RELATED APPLICATIONS

This application claims the benefit of U.S. Provisional Application No. 62/048,573, filed Sep. 10, 2014, which is herein incorporated by reference in its entirety for all purposes.

STATEMENT OF GOVERNMENT INTEREST

This invention was made with United States Government support under Contract No. D11PC20154 awarded by the United States Department of the Interior. The United States Government has certain rights in this invention.

FIELD OF THE INVENTION

The present invention relates to the processing of data, and more particularly to analysis of scientific and patent literature metadata and text for assessing technical emergence.

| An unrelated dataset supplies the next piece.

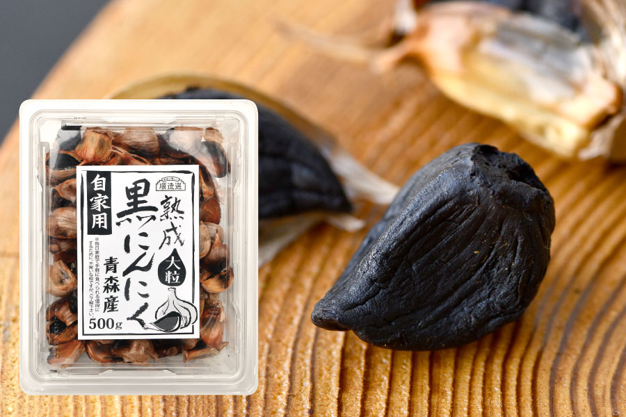 青森産の大粒生ニンニクを熟成室でじっくりと温度と湿度を調整しながら1ヶ月ほど熟成させると、このように真っ黒になってきます。匂いもなくなります。

BACKGROUND OF THE INVENTION

The ability to predict emergence of new ideas, trends, and topics has broad implications for many different stakeholders, including scientists deciding which subjects of research to pursue, government agencies deciding which programs to support, companies choosing where resources should be focused, investors selecting which technologies to fund, and intelligence analysts monitoring where the most interesting technologies are being developed.

Predictions of this nature are generally made by “experts” and other analysts having skill and knowledge in various fields, based on their review of available data, including publically available documents such as patents and technical papers. However, predictions made in this way can be inherently unreliable, due to gaps in the knowledge of such analysts, limits to the quantity of information that an analyst can reasonably review, and any predispositions that an analyst may have based on individual experience and interests.

Once a trend or topic of interest has been identified, automated tools are available that can be used to search for relevant information. The prior art discloses a number of methods for analyzing documents, including patents as well as technical and/or scientific literature, so as to retrieve information regarding topics/technologies of interest.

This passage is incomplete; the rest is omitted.